**** Supplied information
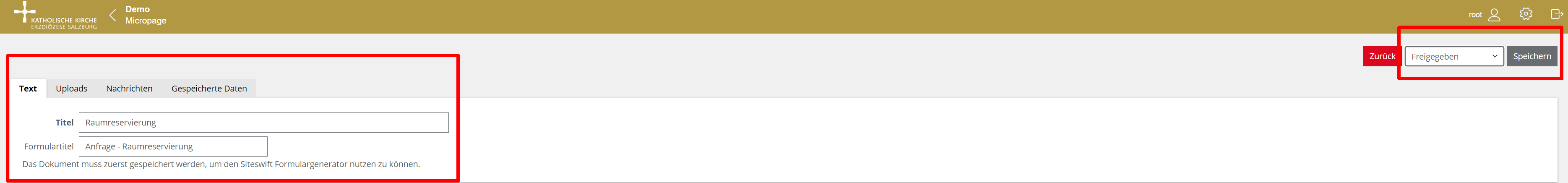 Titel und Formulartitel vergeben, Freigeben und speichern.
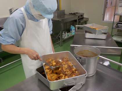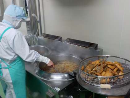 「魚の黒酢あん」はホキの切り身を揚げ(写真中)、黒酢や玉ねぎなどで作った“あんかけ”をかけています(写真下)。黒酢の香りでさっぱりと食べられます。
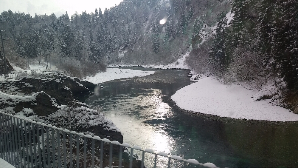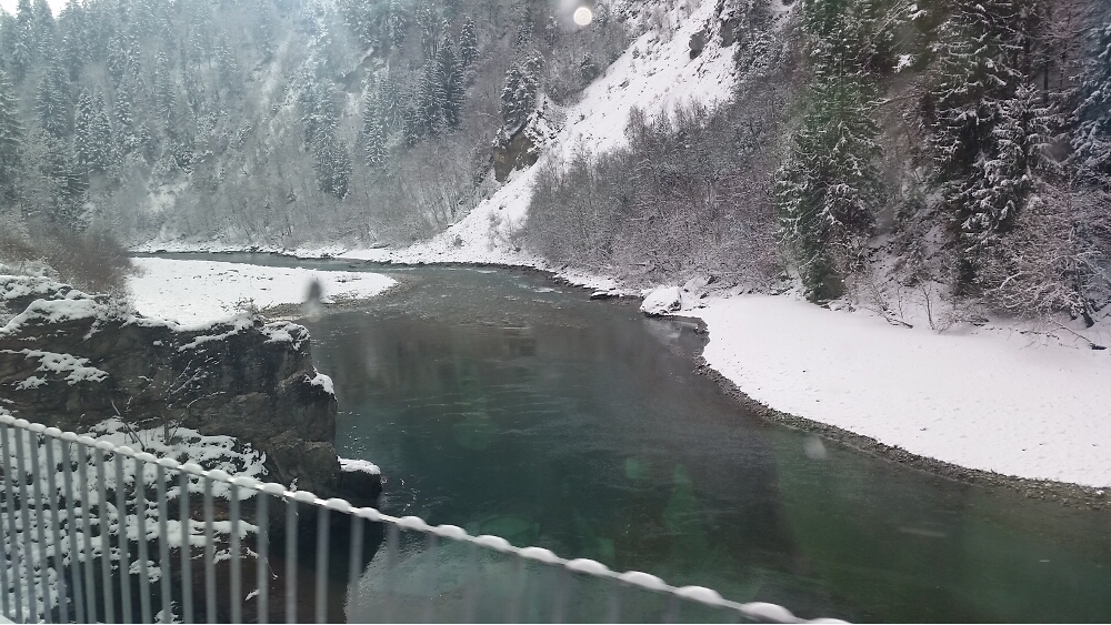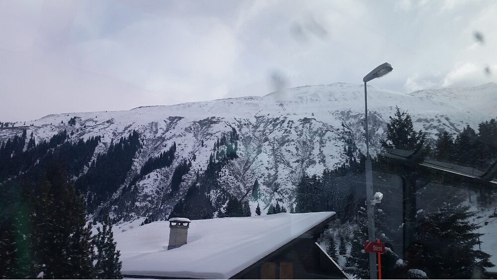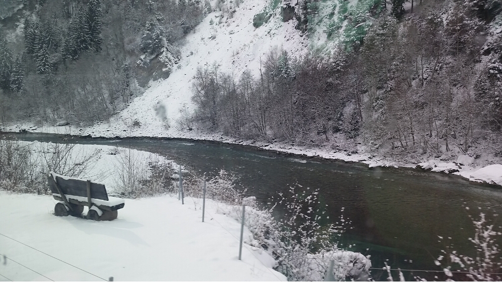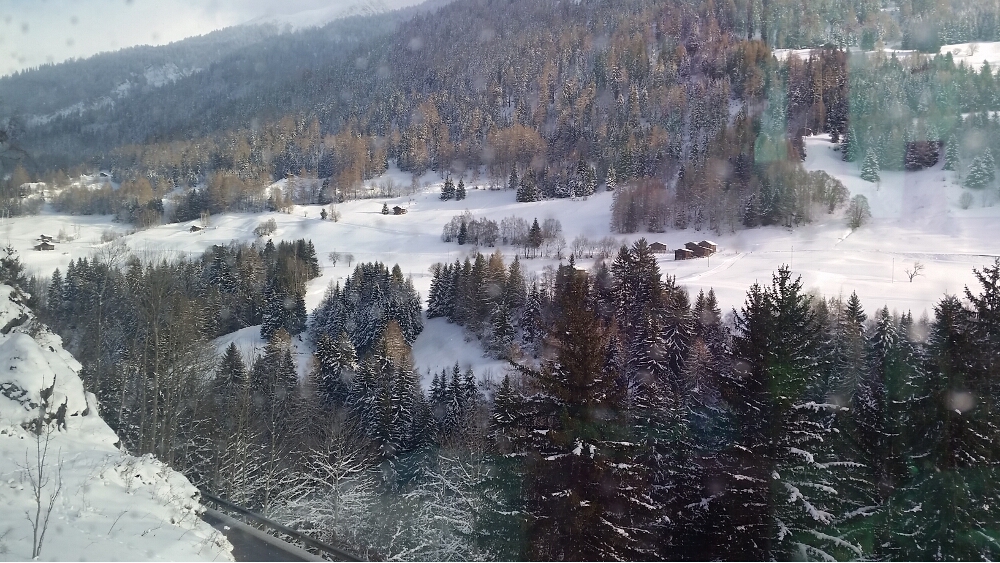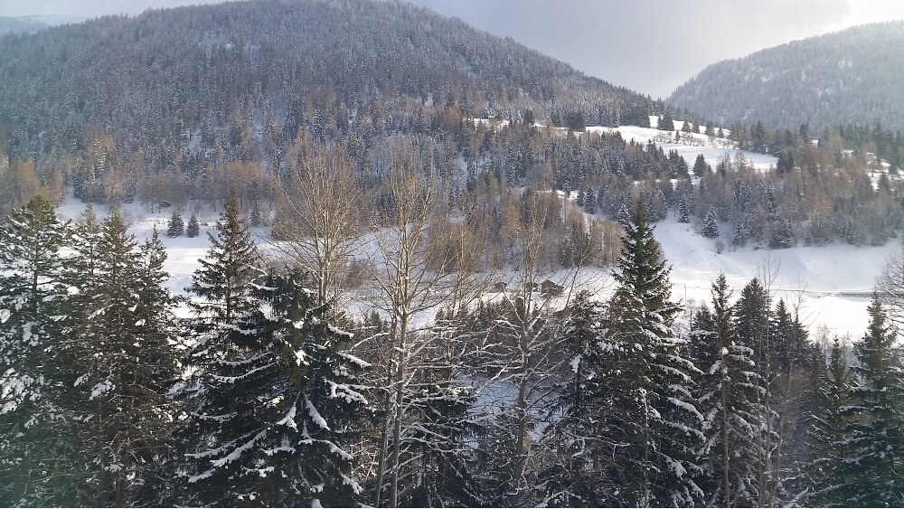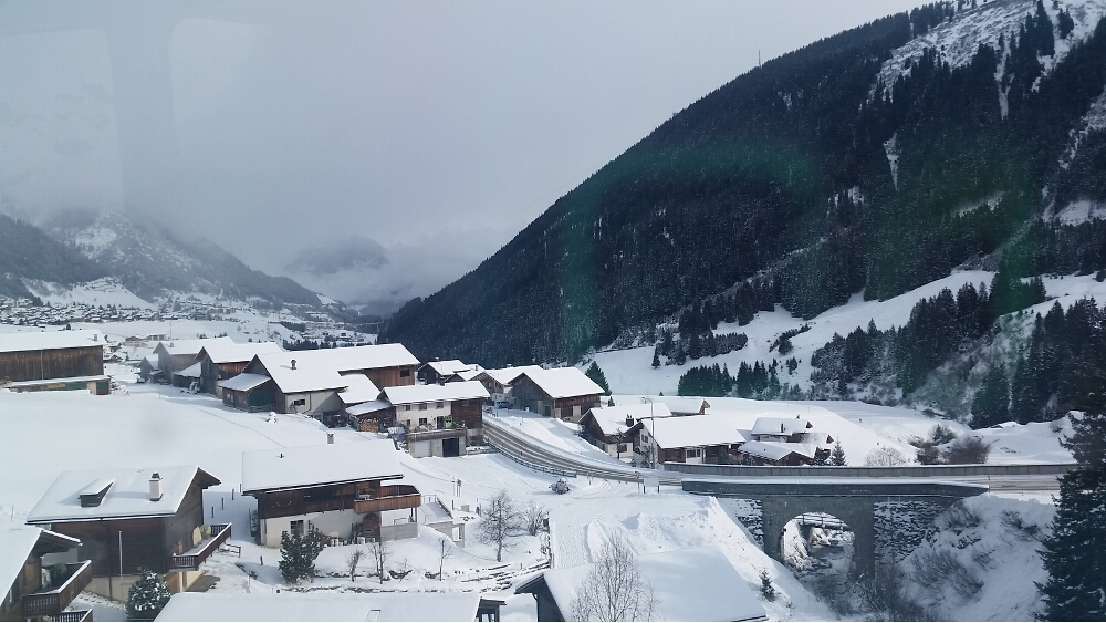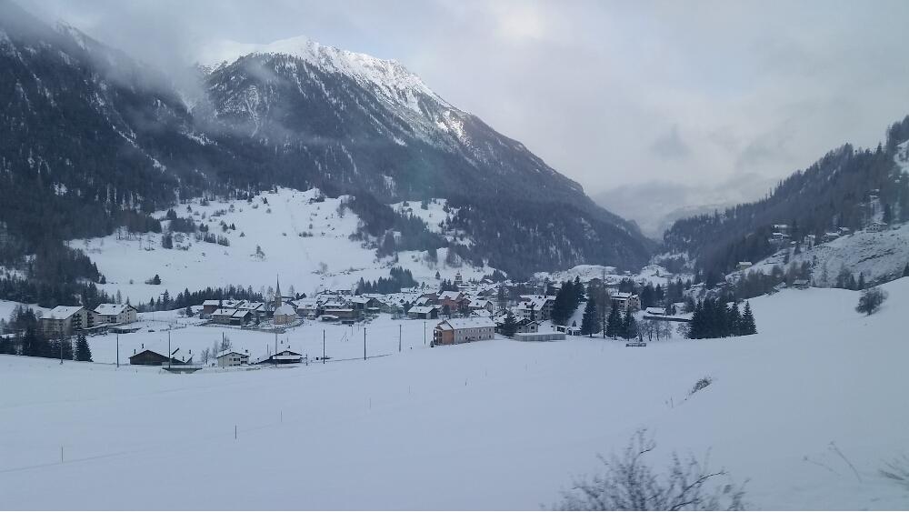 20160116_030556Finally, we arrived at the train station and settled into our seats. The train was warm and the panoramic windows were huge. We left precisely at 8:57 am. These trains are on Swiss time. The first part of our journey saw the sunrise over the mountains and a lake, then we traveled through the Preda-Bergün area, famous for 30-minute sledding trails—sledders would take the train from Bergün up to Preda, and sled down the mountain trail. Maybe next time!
********
**** Supplied information
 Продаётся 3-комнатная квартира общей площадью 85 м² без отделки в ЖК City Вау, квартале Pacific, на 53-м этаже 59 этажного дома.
********
**** Supplied information
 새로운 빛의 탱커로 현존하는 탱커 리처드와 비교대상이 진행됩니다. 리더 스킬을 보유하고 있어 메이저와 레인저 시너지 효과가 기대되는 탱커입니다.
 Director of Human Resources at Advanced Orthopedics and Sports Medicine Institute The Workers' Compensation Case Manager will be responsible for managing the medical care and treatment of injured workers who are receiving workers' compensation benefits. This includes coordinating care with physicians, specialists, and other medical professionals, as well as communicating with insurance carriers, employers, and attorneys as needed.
********
_Your assignment_
Although the records hold pictures, the copy must not; give again exactly the lines from the one with "Titel und Formulartitel" through the one with "20160116_030556Finally, we arrived".

_Final answer_
 Titel und Formulartitel vergeben, Freigeben und speichern.
 「魚の黒酢あん」はホキの切り身を揚げ(写真中)、黒酢や玉ねぎなどで作った“あんかけ”をかけています(写真下)。黒酢の香りでさっぱりと食べられます。
 20160116_030556Finally, we arrived at the train station and settled into our seats. The train was warm and the panoramic windows were huge. We left precisely at 8:57 am. These trains are on Swiss time. The first part of our journey saw the sunrise over the mountains and a lake, then we traveled through the Preda-Bergün area, famous for 30-minute sledding trails—sledders would take the train from Bergün up to Preda, and sled down the mountain trail. Maybe next time!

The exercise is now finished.